### Problem requirements
Once the line with "[세종타임즈] 천안시가 전기자동차" is found in the entries below, print it and each following line exactly, stopping after the line with "二价、四价、九价宫颈癌疫苗的区别 二价,四价,九价宫颈癌疫苗的区别图"; print nothing else.

### Data to process
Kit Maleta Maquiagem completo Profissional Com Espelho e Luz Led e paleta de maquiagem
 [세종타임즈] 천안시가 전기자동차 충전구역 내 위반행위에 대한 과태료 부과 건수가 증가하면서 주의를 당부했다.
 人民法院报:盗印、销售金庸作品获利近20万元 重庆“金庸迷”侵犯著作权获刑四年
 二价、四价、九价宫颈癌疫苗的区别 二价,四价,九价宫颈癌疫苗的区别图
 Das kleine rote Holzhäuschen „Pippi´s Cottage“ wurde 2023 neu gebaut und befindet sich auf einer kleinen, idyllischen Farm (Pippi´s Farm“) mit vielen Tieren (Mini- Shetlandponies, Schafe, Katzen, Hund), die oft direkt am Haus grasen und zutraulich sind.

---

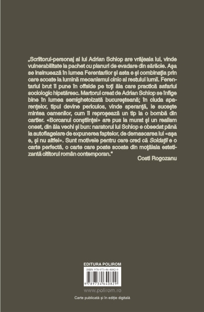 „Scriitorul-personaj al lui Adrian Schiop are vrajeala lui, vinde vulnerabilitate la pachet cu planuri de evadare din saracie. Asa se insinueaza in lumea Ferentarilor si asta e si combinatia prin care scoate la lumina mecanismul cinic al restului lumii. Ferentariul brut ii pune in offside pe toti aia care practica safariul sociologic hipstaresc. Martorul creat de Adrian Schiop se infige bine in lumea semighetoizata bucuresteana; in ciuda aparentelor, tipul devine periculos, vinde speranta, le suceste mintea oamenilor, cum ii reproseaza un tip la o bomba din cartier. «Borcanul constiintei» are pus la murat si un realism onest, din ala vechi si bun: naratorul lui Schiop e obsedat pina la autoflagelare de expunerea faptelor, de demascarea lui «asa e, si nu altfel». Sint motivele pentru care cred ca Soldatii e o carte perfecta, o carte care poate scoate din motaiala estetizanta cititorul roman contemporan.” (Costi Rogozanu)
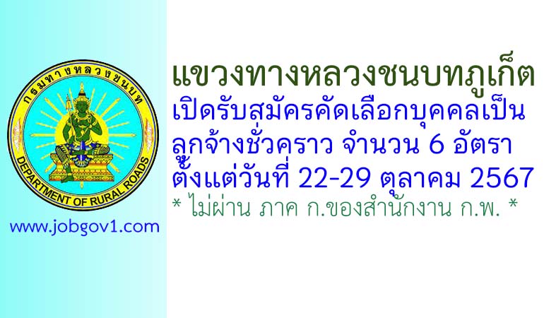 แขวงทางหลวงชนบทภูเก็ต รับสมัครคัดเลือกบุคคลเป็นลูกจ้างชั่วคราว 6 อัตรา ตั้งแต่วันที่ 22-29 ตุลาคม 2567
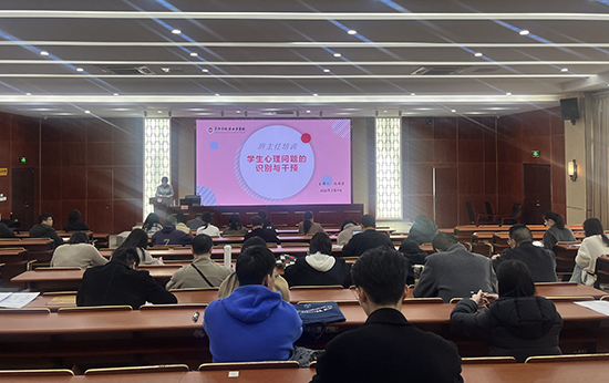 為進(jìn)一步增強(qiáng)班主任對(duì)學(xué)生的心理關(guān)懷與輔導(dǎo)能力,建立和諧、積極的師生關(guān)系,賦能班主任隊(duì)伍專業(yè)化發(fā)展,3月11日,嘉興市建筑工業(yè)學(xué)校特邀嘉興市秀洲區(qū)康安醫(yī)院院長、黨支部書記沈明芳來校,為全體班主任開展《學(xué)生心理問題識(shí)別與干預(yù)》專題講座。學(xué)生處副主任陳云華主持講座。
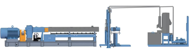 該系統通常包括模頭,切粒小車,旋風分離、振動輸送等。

...

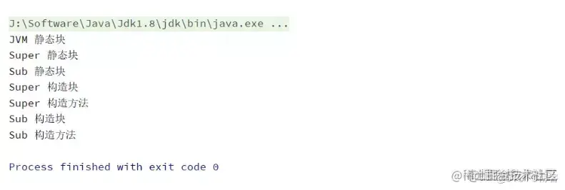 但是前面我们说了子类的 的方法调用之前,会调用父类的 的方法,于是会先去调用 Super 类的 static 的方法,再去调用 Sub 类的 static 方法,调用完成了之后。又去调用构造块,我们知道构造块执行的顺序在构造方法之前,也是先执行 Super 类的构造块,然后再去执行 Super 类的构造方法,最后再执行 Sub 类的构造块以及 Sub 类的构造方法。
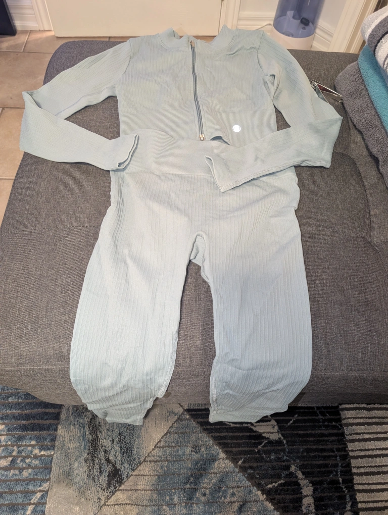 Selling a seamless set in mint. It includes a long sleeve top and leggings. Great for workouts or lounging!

### Solution for this exercise
 [세종타임즈] 천안시가 전기자동차 충전구역 내 위반행위에 대한 과태료 부과 건수가 증가하면서 주의를 당부했다.
 人民法院报:盗印、销售金庸作品获利近20万元 重庆“金庸迷”侵犯著作权获刑四年
 二价、四价、九价宫颈癌疫苗的区别 二价,四价,九价宫颈癌疫苗的区别图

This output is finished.